I have a web server which will read large binary files (several megabytes) into byte arrays. The server could be reading several files at the same time (different page requests), so I am looking for the most optimized way for doing this without taxing the CPU too much. Is the code below good enough?
public byte[] FileToByteArray(string fileName)
{
byte[] buff = null;
FileStream fs = new FileStream(fileName,
FileMode.Open,
FileAccess.Read);
BinaryReader br = new BinaryReader(fs);
long numBytes = new FileInfo(fileName).Length;
buff = br.ReadBytes((int) numBytes);
return buff;
}
Simply replace the whole thing with:
return File.ReadAllBytes(fileName);
However, if you are concerned about the memory consumption, you should not read the whole file into memory all at once at all. You should do that in chunks.
I might argue that the answer here generally is "don't". Unless you absolutely need all the data at once, consider using a Stream
-based API (or some variant of reader / iterator).
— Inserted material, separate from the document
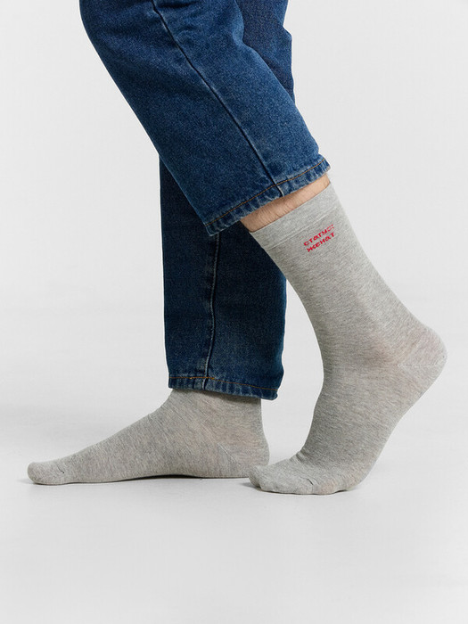 рис.3034 Мужской носок классический, высокий, с рисунком в виде надписи "СТАТУС ЖЕНАТ".
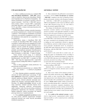 UWAGI OGÓLNE GENERAL NOTES 1. Dane w publikacji prezentuje się w układzie Polskiej Klasyfikacji Działalności – PKD 2007, opracowanej na podstawie Statystycznej Klasyfikacji Działalności Gospodarczych we Wspólnocie Europejskiej – Statistical Classification of Economic Activities in the European Community – NACE Rev. 2. PKD 2007 wprowadzona została z dniem 1 stycznia 2008 r. rozporządzeniem Rady Ministrów z dnia 24 grudnia 2007 r. (Dz. U. Nr 251, poz.1885), w miejsce stosowanej dotychczas klasyfikacji PKD 2004. Zmiany klasyfikacji wynikają z potrzeby harmonizacji statystyk gospodarczych w ramach Unii Europejskiej i zgodności z obowiązującymi standardami na poziomie światowym oraz potrzeby uwzględnienia nowych rodzajów działalności, które pojawiły się w gospodarce w ciągu ostatnich lat. Wprowadzone zmiany w klasyfikacji PKD 2007 w stosunku do klasyfikacji PKD 2004 wynikają przede wszystkim ze zmian zakresowych, polegających na wprowadzeniu nowych grupowań rodzajów działalności (uwzględnienie nowych, podział lub agregacja dotychczasowych), a także na przesunięciach rodzajów działalności pomiędzy poszczególnymi poziomami klasyfikacyjnymi. Spowodowało to, że w PKD 2007 wyróżnia się m.in. 21 sekcji i 88 działów, a w PKD 2004 – 17 sekcji i 62 działy. Należy również zwrócić uwagę, że w niektórych przypadkach, pomimo niezmienionych nazw poziomów klasyfikacyjnych wg PKD 2007 w stosunku do PKD 2004 – dane mogą być nieporównywalne z poprzednio prezentowanymi (według PKD 2004) ze względu na ww. zmiany. Dane za okresy poprzednie zostały przeliczone i są prezentowane wg PKD 2007. Dane statystyczne prezentowane są w układzie PKD według sekcji, działów i – w niektórych przypadkach – grup. 1. Data contained in the publication is presented in accordance with the Polish Classification of Activities 2. Dane obejmują podmioty gospodarki narodowej zaliczane do sektora publicznego i prywatnego. W sektorze publicznym wykazywane są podmioty stanowiące własność państwową (Skarbu Państwa i państwowych osób prawnych), własność jednostek samorządu terytorialnego oraz mieszaną z przewagą kapitału sektora publicznego. Do sektora prywatnego zaliczane są podmioty stanowiące własność prywatną krajową (m.in. spółdzielnie, organizacje społeczne, stowarzyszenia, spółki, fundacje, osoby fizyczne prowadzące działalność gospodarczą), zagraniczną oraz mieszaną z przewagą kapitału podmiotów sektora prywatnego lub brakiem przewagi sektorowej w kapitale podmiotu. 3. Przez podmioty gospodarki narodowej rozumie się osoby prawne, jednostki organizacyjne niemające osobowości prawnej oraz osoby fizyczne prowadzące działalność gospodarczą. – PKD 2007, compiled on the basis of Statistical Classification of Economic Activities in the European Community – NACE Rev. 2. PKD 2007 was introduced on 1 Jan 2008 by the Regulation of the Council of Ministers dated 24 Dec 2007 (Journal of Laws No. 251, item 1885) to replace the formerly applied PKD 2004. The changes of classification result from the need to harmonize economic statistics in the European Union and the accordance with applicable standards on world level as well as the need to include new types of activities which have appeared in economy over the last years. The changes introduced to the PKD 2007, in relation to the PKD 2004, result mainly from the modifications in the scope, consisting in new groupings of types of activity (taking new into consideration, division or aggregation of hitherto), and also in shifts of types of activity between particular classification levels. In consequence, the PKD 2007 makes distinction between 21 sections and 88 divisions, while the PKD 2004 – between 17 sections and 62 divisions. It should be also noted that in certain cases, although the names of classification levels according to the PKD 2007 have remained unchanged, in comparison to the PKD 2004, data may not be comparable to the one previously presented (according to the PKD 2004), on account of the above-mentioned changes. Data for previous periods is converted and presented according to PKD 2007. Statistical data is presented in accordance with NACE as arranged by sections, divisions and, in certain cases, groups. 2. Data covers entities of the national economy included in the public and private sector. Public sector includes entities of state ownership (State Treasury and state legal persons), local self-government ownership and mixed ownership with a predominance of capital of public sector. Private sector includes entities of private domestic ownership (among others: cooperatives, social organizations, associations, companies, foundations, natural persons conducting economic activity), private foreign ownership and mixed ownership with a predominance of capital of private sector entities or lack of sectors majority in unit capital. 3. Term entities of the national economy is understood as legal persons, organizational entities without legal personality as well as natural persons conducting economic activity. 8 Pod pojęciem podmiotów gospodarczych rozumie się podmioty prowadzące działalność gospodarczą, tj. produkcyjną i usługową, na własny rachunek w celu osiągnięcia zysku. 4. Biorąc pod uwagę liczbę pracujących, podmioty podzielono na trzy grupy: jednostki małe o liczbie pracujących do 9 osób, jednostki średnie o liczbie pracujących od 10 do 49 osób, jednostki duże o liczbie pracujących powyżej 49 osób. W niniejszej publikacji – jeśli nie zaznaczono inaczej – dane o sprzedaży produkcji, zatrudnieniu i wynagrodzeniach w sektorze przedsiębiorstw, wynikach finansowych i aktywach obrotowych przedsiębiorstw oraz nakładach inwestycyjnych dotyczą jednostek średnich i dużych. Pozostałe dane dotyczą wszystkich jednostek (bez względu na liczbę pracujących). 5. Sektor przedsiębiorstw obejmuje podmioty prowadzące działalno

That is especially important when you have multiple parallel operations (as suggested by the question) to minimise system load and maximise throughput.
For example, if you are streaming data to a caller:
Stream dest = ...
using(Stream source = File.OpenRead(path)) {
byte[] buffer = new byte[2048];
int bytesRead;
while((bytesRead = source.Read(buffer, 0, buffer.Length)) > 0) {
dest.Write(buffer, 0, bytesRead);
}
}
I would think this:
byte[] file = System.IO.File.ReadAllBytes(fileName);
Your code can be factored to this (in lieu of File.ReadAllBytes):
public byte[] ReadAllBytes(string fileName)
{
byte[] buffer = null;
using (FileStream fs = new FileStream(fileName, FileMode.Open, FileAccess.Read))
{
buffer = new byte[fs.Length];
fs.Read(buffer, 0, (int)fs.Length);
}
return buffer;
}
Note the Integer.MaxValue - file size limitation placed by the Read method. In other words you can only read a 2GB chunk at once.
Also note that the last argument to the FileStream is a buffer size.
I would also suggest reading about FileStream and BufferedStream.
As always a simple sample program to profile which is fastest will be most beneficial.
Also your underlying hardware will have a large effect on performance. Are you using server based hard disk drives with large caches and a RAID card with onboard memory cache? Or are you using a standard drive connected to the IDE port?